---------- Input data ----------

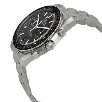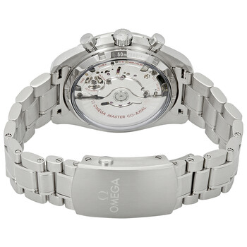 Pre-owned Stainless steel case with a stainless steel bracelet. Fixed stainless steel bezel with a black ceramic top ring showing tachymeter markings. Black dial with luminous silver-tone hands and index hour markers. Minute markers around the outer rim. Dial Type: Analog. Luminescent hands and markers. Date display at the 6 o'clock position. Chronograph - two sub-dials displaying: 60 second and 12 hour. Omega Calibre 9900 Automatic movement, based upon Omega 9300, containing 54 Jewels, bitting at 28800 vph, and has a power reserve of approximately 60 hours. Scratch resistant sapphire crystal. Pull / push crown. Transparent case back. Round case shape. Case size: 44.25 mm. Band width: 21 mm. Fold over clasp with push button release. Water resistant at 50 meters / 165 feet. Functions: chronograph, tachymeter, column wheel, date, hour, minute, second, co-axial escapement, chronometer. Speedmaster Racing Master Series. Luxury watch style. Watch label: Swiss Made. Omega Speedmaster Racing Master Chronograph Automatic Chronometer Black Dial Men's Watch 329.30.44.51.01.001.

----------
---------- Input data ----------

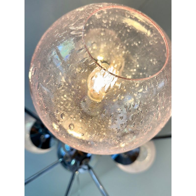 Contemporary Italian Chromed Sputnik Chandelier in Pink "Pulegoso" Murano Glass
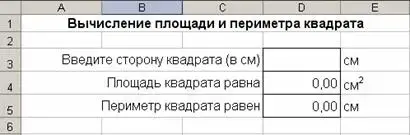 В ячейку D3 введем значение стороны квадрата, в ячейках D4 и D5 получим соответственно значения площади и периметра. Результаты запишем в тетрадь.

----------
---------- Input data ----------

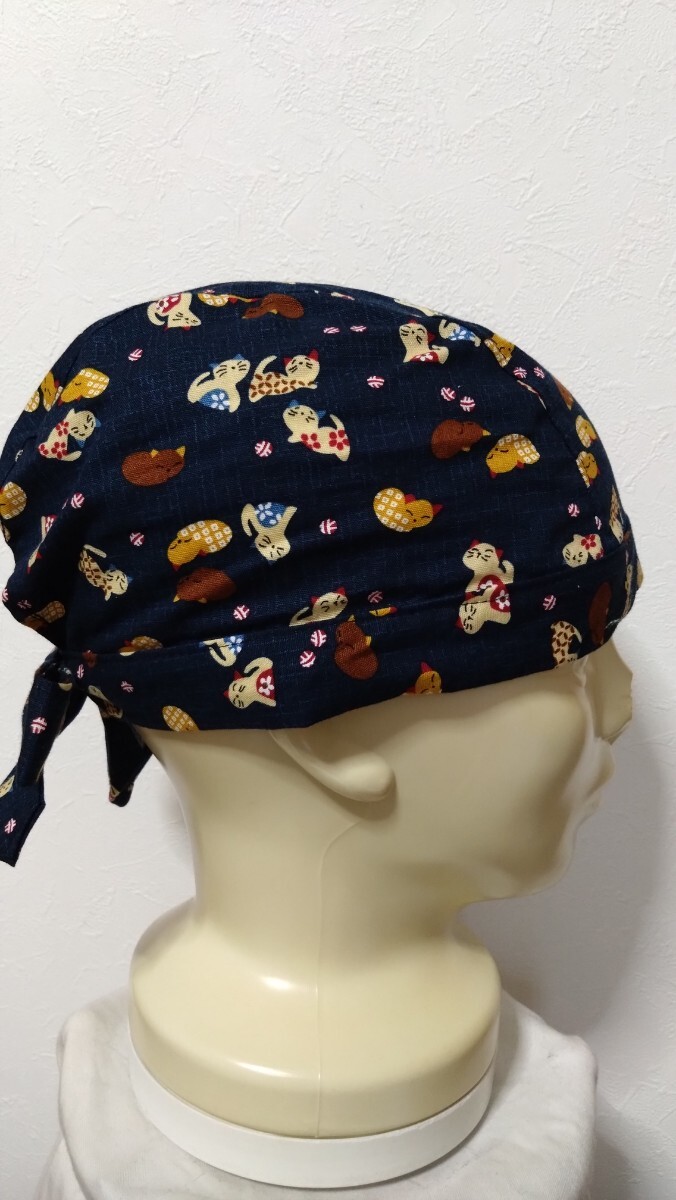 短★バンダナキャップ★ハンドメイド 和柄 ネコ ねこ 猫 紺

----------

[How to complete this task]
In the listing above, find the line containing "Contemporary Italian Chromed" and the line containing "В ячейку D3"; print those lines and every line between them exactly, leaving out pictures.

[Answer for the task]
 Contemporary Italian Chromed Sputnik Chandelier in Pink "Pulegoso" Murano Glass
 В ячейку D3 введем значение стороны квадрата, в ячейках D4 и D5 получим соответственно значения площади и периметра. Результаты запишем в тетрадь.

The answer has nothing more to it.